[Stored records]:
= Beginning of Section =

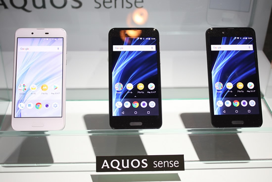 「AQUOS sense」は、スタンダードシリーズを統一する新シリーズ名称。16年冬発売のスタンダードモデル「AQUOS U」の約2倍の画素数を誇る「フルHD IGZO液晶ディスプレイ」を搭載する。また、画面や指が水に濡れていても誤動作が少なくスムーズに操作できる。
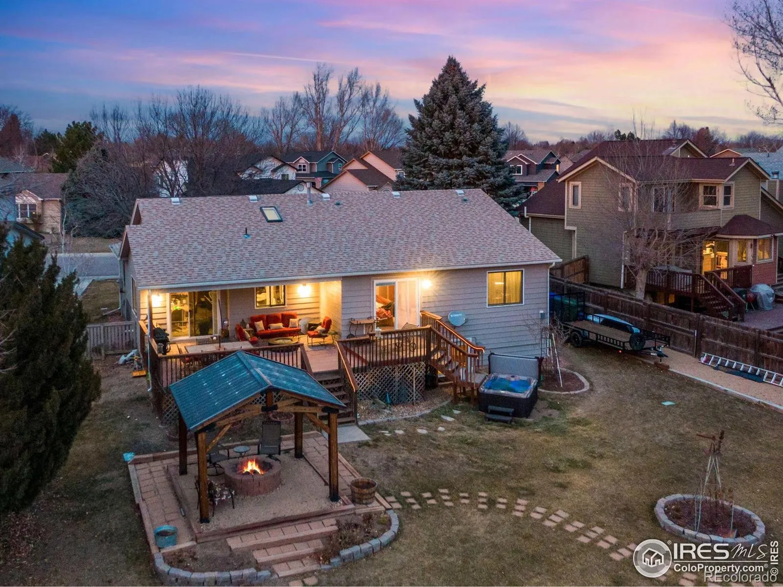 Tenant occupied and in GREAT condition. Professional interior photos will be taken once tenant vacates. Incredible ranch style property located in northwest Loveland. Come see why Loveland, Colorado, is frequently voted as one of the best places to live or retire in America. Known as the City of Love, Loveland is the gateway to Estes Park and Rocky Mountain National Park, and offers outstanding restaurants, entertainment, breweries, community festivities, trails, parks, and recreation, with something for everyone. This ranch style home is situated on a quarter acre lot, and backs to open space. Exterior features include a large deck, a wood burning fire pit, a fenced yard, hot tub, sprinkler and drip system, and mature landscaping. The main floor offers a spacious foyer, a step-down family room with gas fireplace, an open kitchen with center island, two bedrooms, laundry, and a primary bedroom with private retreat, patio access, walk in closet, and private full bath. The garden level basement is fully finished, and includes a family or recreation room, a three-quarter bath, a fourth bedroom, and a finished game closet or office. A large crawl space provides ample additional storage. The home also includes an oversized two car attached garage, with opener and remote. Mechanical features include a highly efficient furnace, central air conditioning, and a newer water heater. For a full list of features, floor plan, or to schedule a private showing, please contact the broker via email.
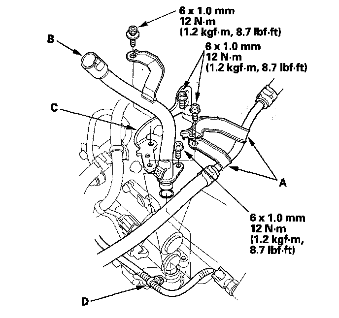 16. Remove the harness clamp (D), then remove the ATF dipstick guide pipe.
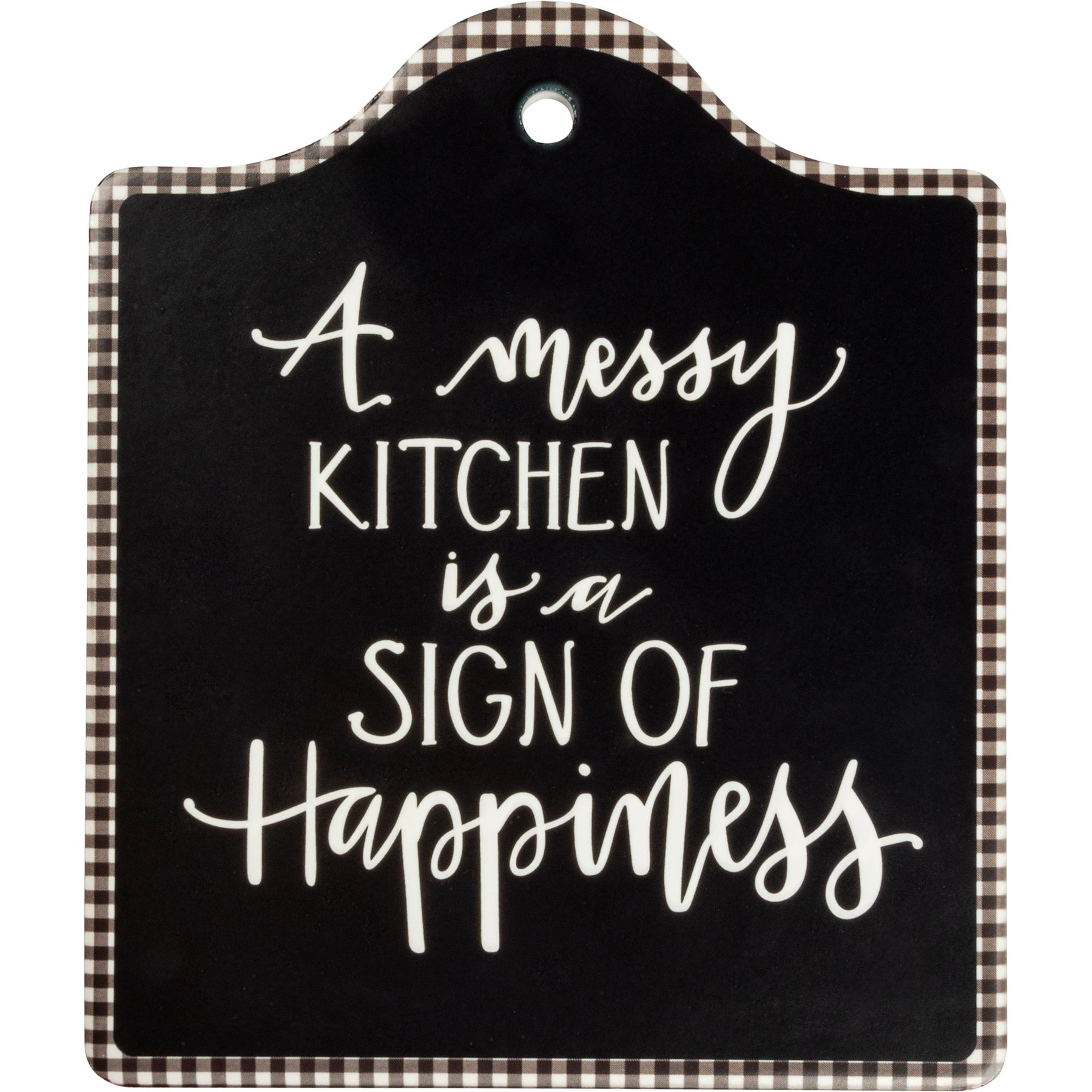 A stone trivet tray lending "A Messy Kitchen Is A Sign Of Happiness" sentiment and black and white checkered border. Complements well with coordinating kitchen designs.
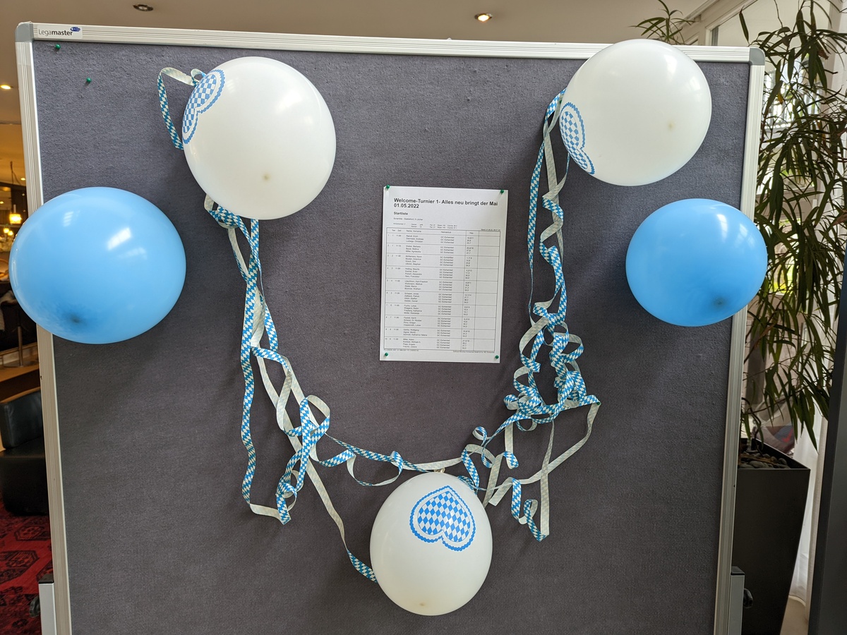 Weiß-blaue Luftballons wiesen den Weg zur Startliste des Welcome-Turniers.
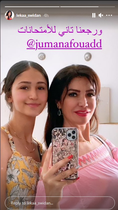 وظهرت لقاء سويدان فى الصورة بإطلالة أنيقة، برفقة ابنتها و علقت :"رجعنا للامتحانات تأنى".

= End of Section =

Print every entry verbatim and leave all pictures out.

[Solution to this exercise]:
 「AQUOS sense」は、スタンダードシリーズを統一する新シリーズ名称。16年冬発売のスタンダードモデル「AQUOS U」の約2倍の画素数を誇る「フルHD IGZO液晶ディスプレイ」を搭載する。また、画面や指が水に濡れていても誤動作が少なくスムーズに操作できる。
 Tenant occupied and in GREAT condition. Professional interior photos will be taken once tenant vacates. Incredible ranch style property located in northwest Loveland. Come see why Loveland, Colorado, is frequently voted as one of the best places to live or retire in America. Known as the City of Love, Loveland is the gateway to Estes Park and Rocky Mountain National Park, and offers outstanding restaurants, entertainment, breweries, community festivities, trails, parks, and recreation, with something for everyone. This ranch style home is situated on a quarter acre lot, and backs to open space. Exterior features include a large deck, a wood burning fire pit, a fenced yard, hot tub, sprinkler and drip system, and mature landscaping. The main floor offers a spacious foyer, a step-down family room with gas fireplace, an open kitchen with center island, two bedrooms, laundry, and a primary bedroom with private retreat, patio access, walk in closet, and private full bath. The garden level basement is fully finished, and includes a family or recreation room, a three-quarter bath, a fourth bedroom, and a finished game closet or office. A large crawl space provides ample additional storage. The home also includes an oversized two car attached garage, with opener and remote. Mechanical features include a highly efficient furnace, central air conditioning, and a newer water heater. For a full list of features, floor plan, or to schedule a private showing, please contact the broker via email.
 16. Remove the harness clamp (D), then remove the ATF dipstick guide pipe.
 A stone trivet tray lending "A Messy Kitchen Is A Sign Of Happiness" sentiment and black and white checkered border. Complements well with coordinating kitchen designs.
 Weiß-blaue Luftballons wiesen den Weg zur Startliste des Welcome-Turniers.
 وظهرت لقاء سويدان فى الصورة بإطلالة أنيقة، برفقة ابنتها و علقت :"رجعنا للامتحانات تأنى".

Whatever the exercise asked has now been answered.